While evidently quite happy to be retired, Dolan obviously is a man who dislikes idleness. After joining Notre Dame’s history faculty in 1971, he founded the University’s Cushwa Center for the Study of American Catholicism in 1975 and served as its director until 1993.

He taught courses in American Catholic history, American religious history and immigration history. He also wrote and edited numerous books, including the magisterial “The American Catholic Experience: A History from Colonial Times to the Present.” During his Notre Dame tenure, his teaching, scholarship and lectures nationwide soon ranked him among the most authoritative historians of the Catholic Church in America and the experience of the immigrants who were its members.

A preoccupation with the immigrant experience in general, to say nothing of his own ancestry—both of Dolan’s parents were Irish, and he was born on St. Patrick’s Day—naturally gave way to a fascination with Irish America in particular. By 1986, when a Fulbright fellowship took him to Ireland to teach and study at University College, Cork, he had begun to specialize in Irish American history.

“In many ways it was a love affair that intensified over the years,” he wrote recently.

In the four years since he retired from his post-retirement teaching duties, Dolan’s love affair with Irish America has borne fruit in a 384-page book, “The Irish Americans,” forthcoming from Bloomsbury Press in November. Critics are beginning to agree that it is the most ambitious and comprehensive such history to be written in the last 50 years.

Much of the book’s structure arises from the four major themes of Dolan’s Irish American history course: politics, religion, labor and nationalism. In a slight but conspicuous departure from the conventional approach to Irish American history, Dolan introduces his story not with the catastrophic famine which drove so many Irish refugees across the Atlantic to America in the 1840s, but with the early 18th century. This, Dolan insists, is where the narrative properly begins, “and it is not only a Catholic narrative, but also an Irish one that includes both Protestants and Catholics.” Before delving into the more familiar historical terrain, Dolan devotes two chapters to this “forgotten area,” tracing the paths and telling the stories of the Irish immigrants who settled, hunted, farmed, and fought and traded with Native Americans on the America frontier long before the Revolutionary War.

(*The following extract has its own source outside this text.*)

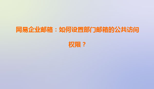 2025-04-23网易企业邮箱:如何设置部门邮箱的公共访问权限? 在现代企业管理中,电子邮件已经成为企业沟通的重要工具。作为国内知名的企业邮箱服务提供商,网易企业邮箱为企业用户提供了高效、安全、易管理的邮件服务。对...

Written nearly a half-century after the election of President Kennedy, Dolan’s narrative also is able to include an unprecedented examination of what the penultimate chapter describes as “the triumph of the Irish,” that multifaceted cultural resurgence that has given rise to such phenomena as the “Riverdance” dance troupe, the U2 rock band and Frank McCourt’s bestselling memoir, “Angela’s Ashes.” The triumph was memorably and humorously summarized by the Irish poet and Nobel laureate Seamus Heaney, who said, “Ireland is chic!” Dolan used Heaney’s quip for the title of his concluding chapter.

One early reader of “The Irish Americans,” the sociologist Rev. Andrew Greeley, called it “a superb history of the Irish in this country, both scholarly and popular. Indeed, it is the best available story of the Irish in America. [Dolan] covers the poverty of the immigrants, their loyalty to one another, their struggles to create a place for themselves in this country against intense hostility and deep-seated prejudice, and their ultimate success despite all their enemies. The book explains why so many Americans who have an option to choose their own ethnic identity decide that they want to be Irish.”

Dolan was lavish in expressing gratitude for the research assistance he received from Notre Dame’s Hesburgh Libraries.

“Not only does the library have a rich collection of books, but it has a wonderful staff,” he said.

He also thanked his successor as Cushwa Center director, Timothy Matovina, adding that “during my retirement the center has become my academic home.”

He is far from idle in his residence there, and as he describes, over lunch, plans for a documentary film based on his most recent book, a friend marvels.

Jay Dolan is indeed retired, but it’s difficult for him or anyone else to say exactly what that means.